Assigned task:
Print only the lines below, from the very first to the one containing "Con esto ya", exactly as they stand. Do not print pictures.

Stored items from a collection
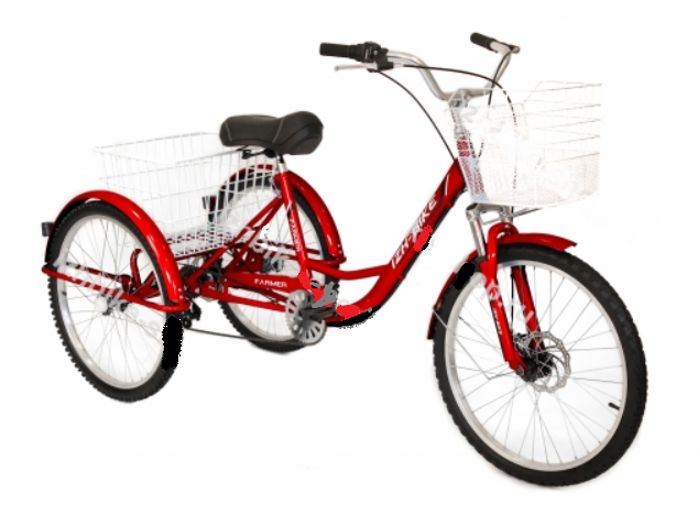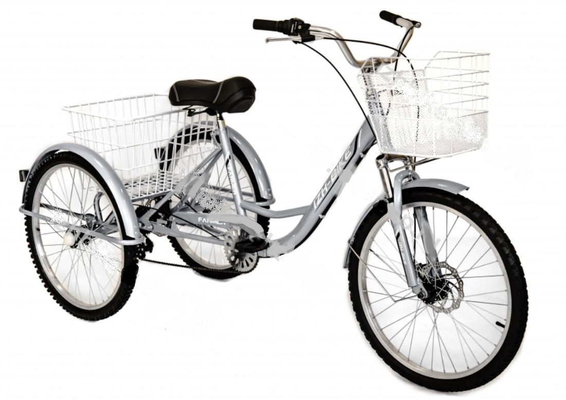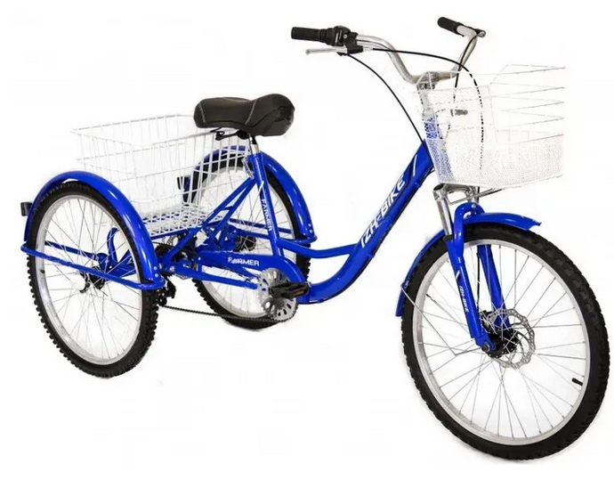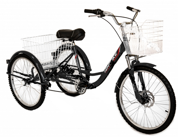 Очень удобный и устойчивый трехколесный велосипед (трайк) для взрослых с тремя полноценными колесами. Трёхколесный велосипед для взрослых IZH-BIKE Farmer (Фермер) имеет две вместительные грузовые корзины, высокую грузоподъемность (стальная рама) и 6 скоростей для комфортной езды. Отлично подойдет для велосипедистов высокого роста.
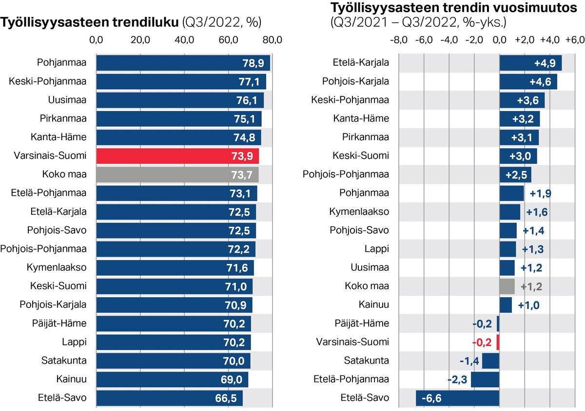 Varsinais-Suomen työllisyysasteen trendiluku oli vuoden kolmannella neljänneksellä hieman koko maan tasoa korkeampi ja maakunnista kuudenneksi korkein. Suurin muutos alueellisissa työllisyyseroissa on, että Pirkanmaan työllisyystilanne on kohentunut merkittävästi. Kun aiemmin Pirkanmaan työllisyysaste oli selvästi koko maan tasoa jäljessä, on se noussut maan parhaimmistoon heti Uudenmaan perään.
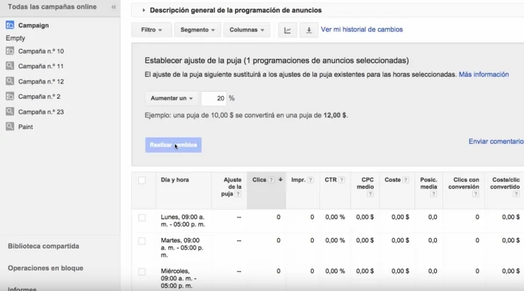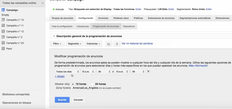 Con esto ya estás listo para crear una programación de anuncios personalizada para tu campaña de adwords.
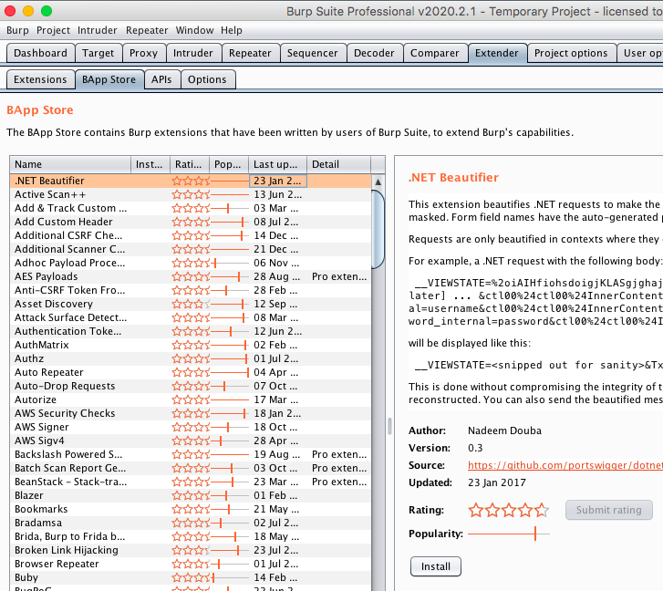 After the environment settings are completed, we can add extensions in two different ways. The easiest way to add an extension is go to BApp Store under the Extender tab & choose a extension from the list that you may want to add & use as per your need. Just click install from the right pane to install the extension. To successfully install a extension, the relevant environment setting is a must. Some extensions are available for community version but some are available for only professional version of the tool.
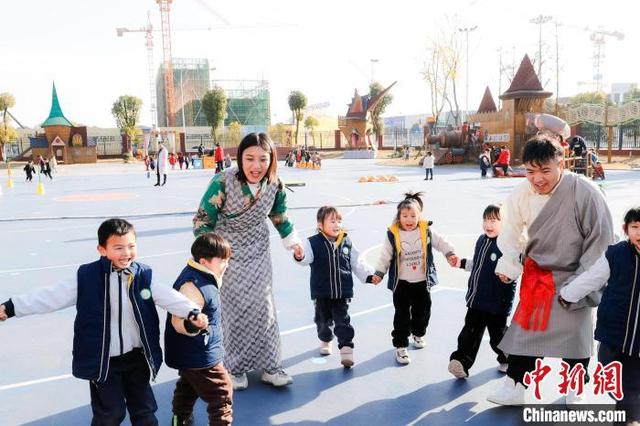 12月1日,在黃石大冶市尹家湖幼兒園就業(yè)的西藏教師赤列旦增和拉珍在教小朋友跳民族舞。[詳細(xì)]
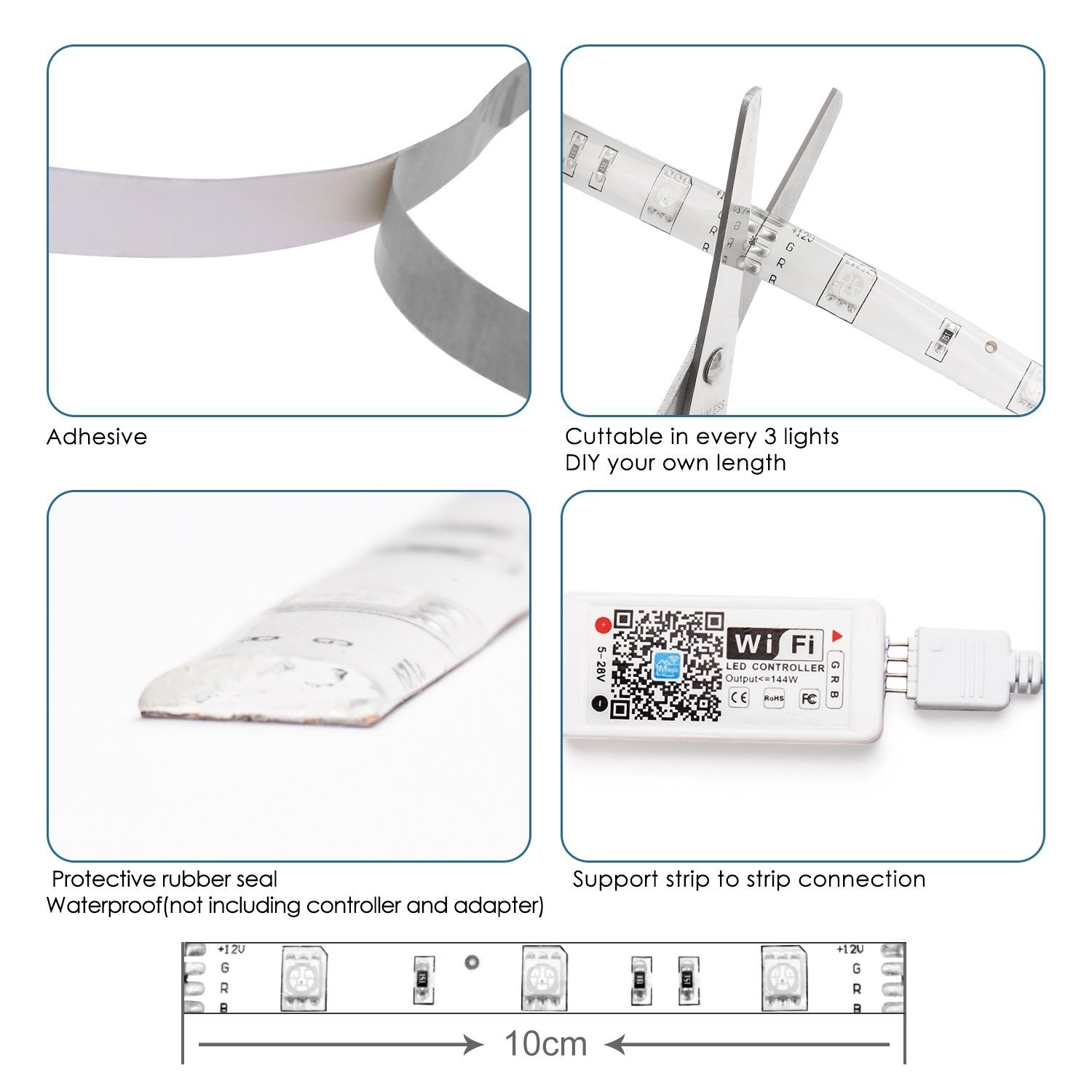 Connectable: The light strip can be cut every 3 leds to make it shorter without damaging the rest strips (make sure to follow the cutting mark), you can also reconnect your strip light end to end with a 10mm 4-pin connector (not included). Slim and flexible PCB strip has Self-adhesive backing so that you can tape it to anywhere with clean, dry and dust-free surface. You will get a wifi controller, a reel of 5m strip light and an qualified power adapter all in one kit, great for home decor, add accent to your bedroom, dining room, living room, automobile, kitchen, upstairs, patio and more; or architectural decoration for hotels, clubs, shopping malls, to create the right ambience especially for show exhibition, holidays and events like Wedding, Christmas, Thanksgiving, New Year Parties Flexible strip lights Trim your self-adhesive strip lights along the cutting mark to go with corners of dry, clean and smooth surface such as cabinet, closet, mirror, bed frame, etc. The strip is also waterproof and withstand pressure with a layer of protective rubber seal covering the circuit.
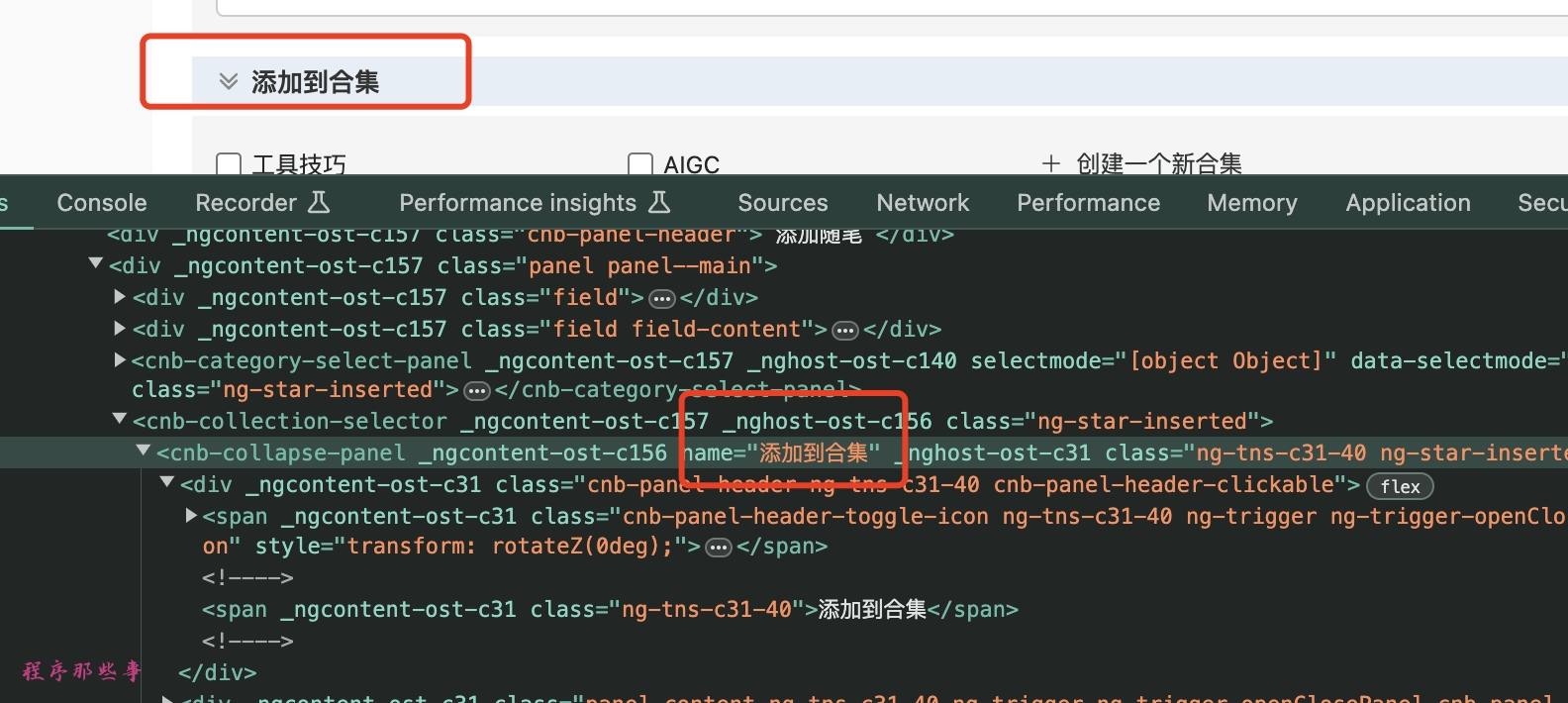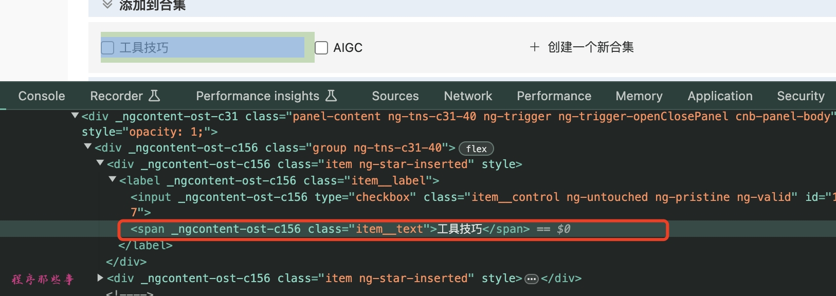 注意,这里如果选择的是包含合集文字的span,如下所示。这个span是不可被点击的。
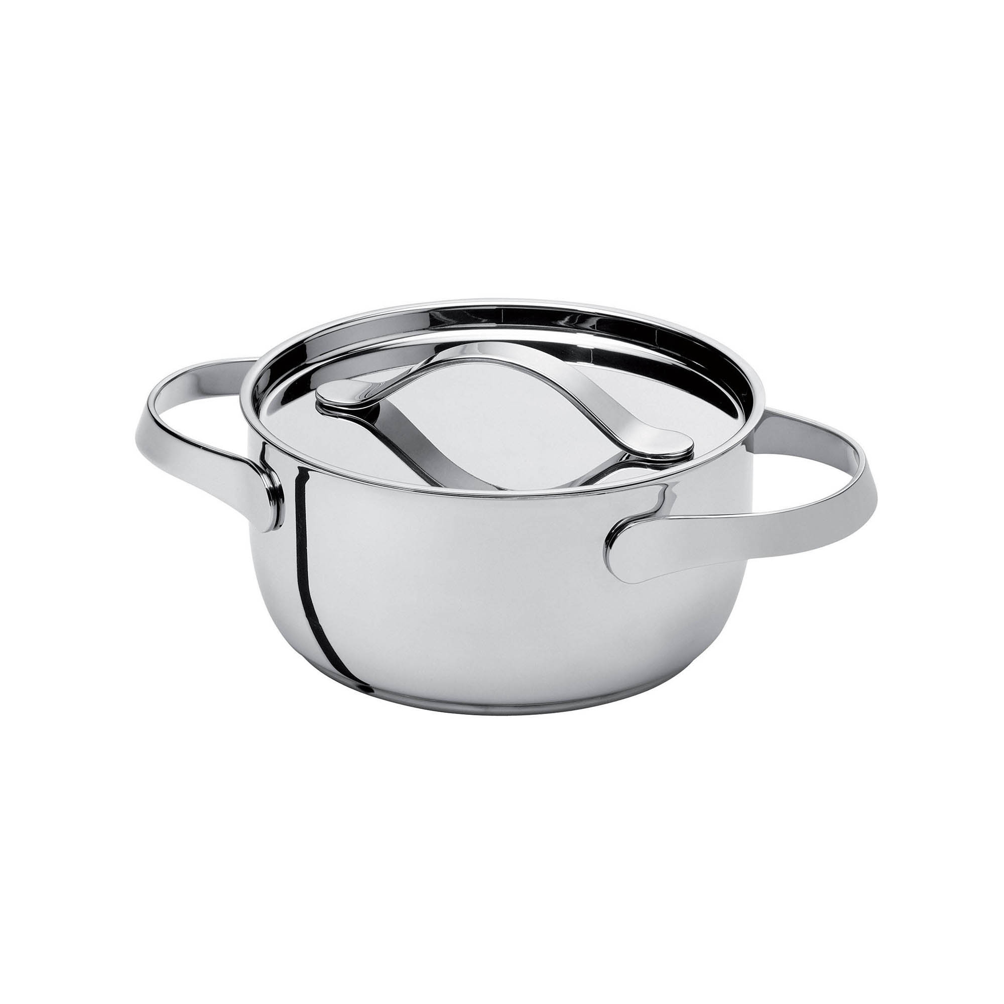The Al Dente saucepan, with a diameter of 24 cm, is crafted by Serafino Zani using high-thickness stainless steel, a material appreciated for its corrosion resistance and durability. Polished to a mirror finish on the outside and satin-finished on the inside, this saucepan promises unbeatable ease of cleaning and maintenance, offering an excellent example of how design and functionality can merge into a single object. Contemporary and stylish, the Al Dente saucepan is perfect for induction and traditional cooktops, facilitating even cooking while preserving the food's flavor and nutritional properties. Additionally, the handles, also made of stainless steel, are designed to ensure a comfortable and secure grip, reducing the risk of slipping; the lid is a crucial element: it has been designed to help maintain the temperature and humidity inside the saucepan, ensuring perfect and tasty dishes. Opting for the Al Dente saucepan means investing in an avant-garde and functional product. Purchase this gem from Serafino Zani right here, at Newpop.it! Designed by Konstantin Grcic for Serafino Zani.

Expected answer:
 Очень удобный и устойчивый трехколесный велосипед (трайк) для взрослых с тремя полноценными колесами. Трёхколесный велосипед для взрослых IZH-BIKE Farmer (Фермер) имеет две вместительные грузовые корзины, высокую грузоподъемность (стальная рама) и 6 скоростей для комфортной езды. Отлично подойдет для велосипедистов высокого роста.
 Varsinais-Suomen työllisyysasteen trendiluku oli vuoden kolmannella neljänneksellä hieman koko maan tasoa korkeampi ja maakunnista kuudenneksi korkein. Suurin muutos alueellisissa työllisyyseroissa on, että Pirkanmaan työllisyystilanne on kohentunut merkittävästi. Kun aiemmin Pirkanmaan työllisyysaste oli selvästi koko maan tasoa jäljessä, on se noussut maan parhaimmistoon heti Uudenmaan perään.
 Con esto ya estás listo para crear una programación de anuncios personalizada para tu campaña de adwords.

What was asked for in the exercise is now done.